I wanted to see the land more, but it was already dark in the afternoon.The winter nights in northern Europe are so long and so hopeless, are those spirits that go straight to the east born in darkness? On the first day, stay overnight in the ancient city of Ribe on the Jutland peninsula.It was raining, and the night was darker because of the dampness.Watching the night is worse than staying up late, and we caught up with a watchman at the intersection. The watchman held a lantern in his left hand and a halberd in his right hand, and sang sentences in Danish along the way that were similar to fire and candle caution.Be very vigilant when you walk to the river, and bend down to observe the water regime. There is a stone pillar on the bank that shows that the flood in 1634 destroyed the small town.The watchman left the river and returned to the street. Occasionally, one or two old hands lightly lifted the curtains. It was the insomniac of the long night who heard his footsteps.

Chatting with the watchman, he said that to live in Denmark, one must learn how to live through the long night.Even today's Queen Margaret is trying to fit in, saying: During the long nights at Winter Palace I amuse myself by translating beautiful French prose into Danish.Sure enough, she became an outstanding literary translator.In my eyes, she, as a queen, speaks out the relationship between Long Night and literature. The second stop is Odense, Andersen's hometown.I got up early and walked across the market to find the red-roofed house where he was born.Christmas is approaching again, so I browsed the market deliberately, and the Christmas tree and roast goose in the heart of the little match girl are still green and browned here.

As soon as I turned the corner, I saw the red-roofed house on the other side of the street.Hurry up and step in, the room is very small.Back then it was a slum with many families living under the roof.Andersen's family was even poorer. His grandmother was a beggar, his father was a carpenter, and his mother washed clothes for others. What kind of misery did he experience?He swallowed everything whole, and finally understood that the only thing in this world he could fall in love with was the child. Children's eyes have no nationality and are the best at searching. They quickly stared at this red-roofed room from the windows of classrooms all over the world.

However, even the eyes of children all over the world can't help Andersen, and Andersen still lacks self-confidence for a long time.Not only came from a poor background, but also wrote in a small language, can it be recognized by the literary world?He always wanted to be a Danish writer like Adam Oehlenschlager, who was more famous at that time, but he was ridiculed by all sides.More than one writer openly accused him of pleasing shallow and impetuous readers, and even his patrons wrote to him: You think you will become a great poet, my dear Andersen!Why don't you feel that all these thoughts of yours are going nowhere, that you are going astray.

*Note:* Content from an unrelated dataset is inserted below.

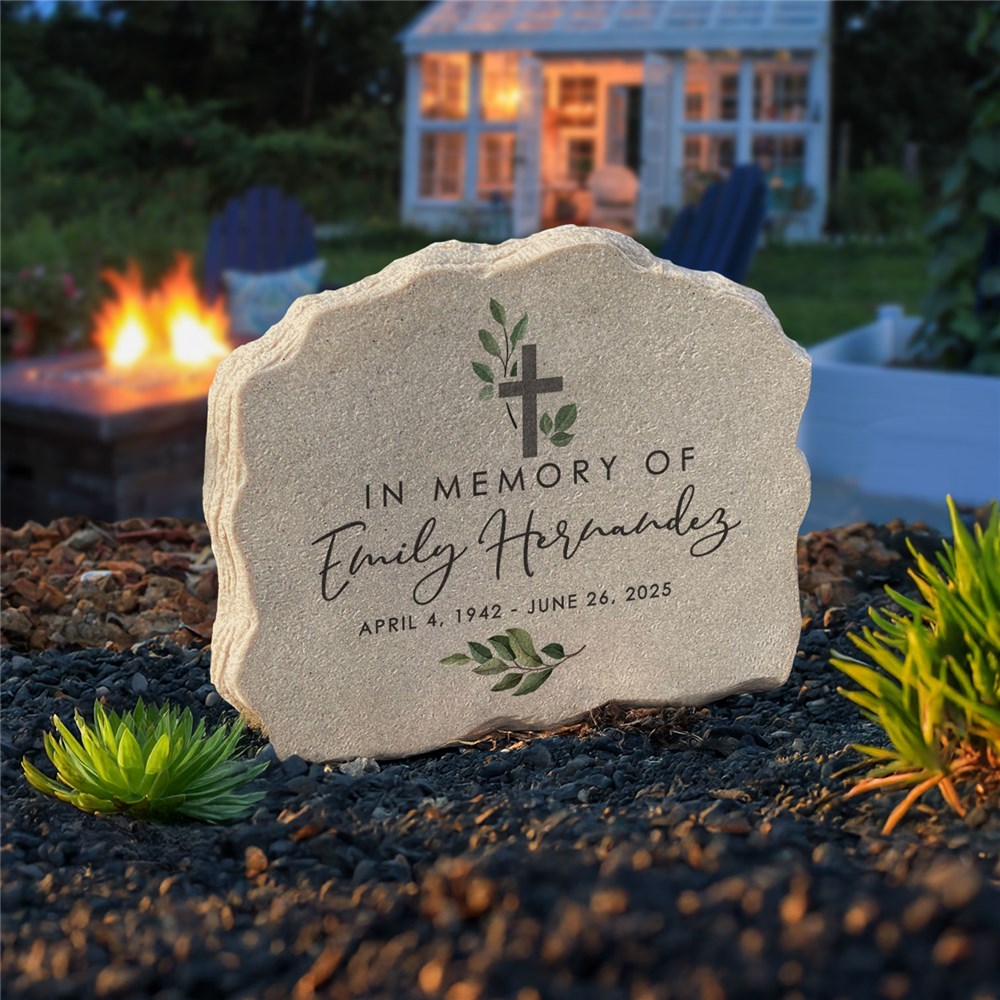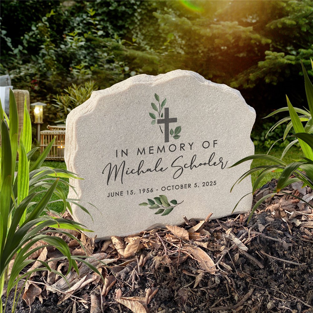 Honor a cherished life with our Personalized In Memory Of Standing Garden Stone. Featuring a graceful cross accented with green leaves at the top and bottom, this stone is a beautiful symbol of faith and remembrance. The words “In Memory Of” are displayed above your loved one’s name in elegant script, with full memorial dates beneath. Designed to stand securely in your garden, yard, or outdoor space, this heartfelt tribute creates a lasting way to keep their memory close.

He really wanted to gain the support of European literary circles outside of Denmark, and tried hard to make friends with cultural celebrities, but in the end he made them feel like a slavish beggar.Even if he was finally widely recognized, people only thought he was an interesting writer who was good at compiling beautiful fairy tales, not a literary giant.Therefore, until his deathbed, he was eager to meet any visitor, hoping to find in their words a little bit of appreciation for himself.He is sensitive and vulnerable, easily hurt. He didn't know that he had already become a great literary master.None of the famous people he admired, visited, or dreaded came close, let alone a regional figure like Orenslage.

Today, when we have grown up and no longer linger on fairy tales, we are qualified to say: he is an eternal coordinate, examining to what extent the literature of all mankind has shaped the hearts of the world. All pretentious profundities and self-satisfied boredom can deceive the world, but they cannot face all the young people and children who are about to become the masters of society. He must have shaped the hearts and minds of the world. The evidence is that Denmark, which seldom flies the national flag, raised a national flag upright on the red-roofed building. A country that didn't care much about flags has finally found a national flag.This is another fairy tale made up of all fairy tales.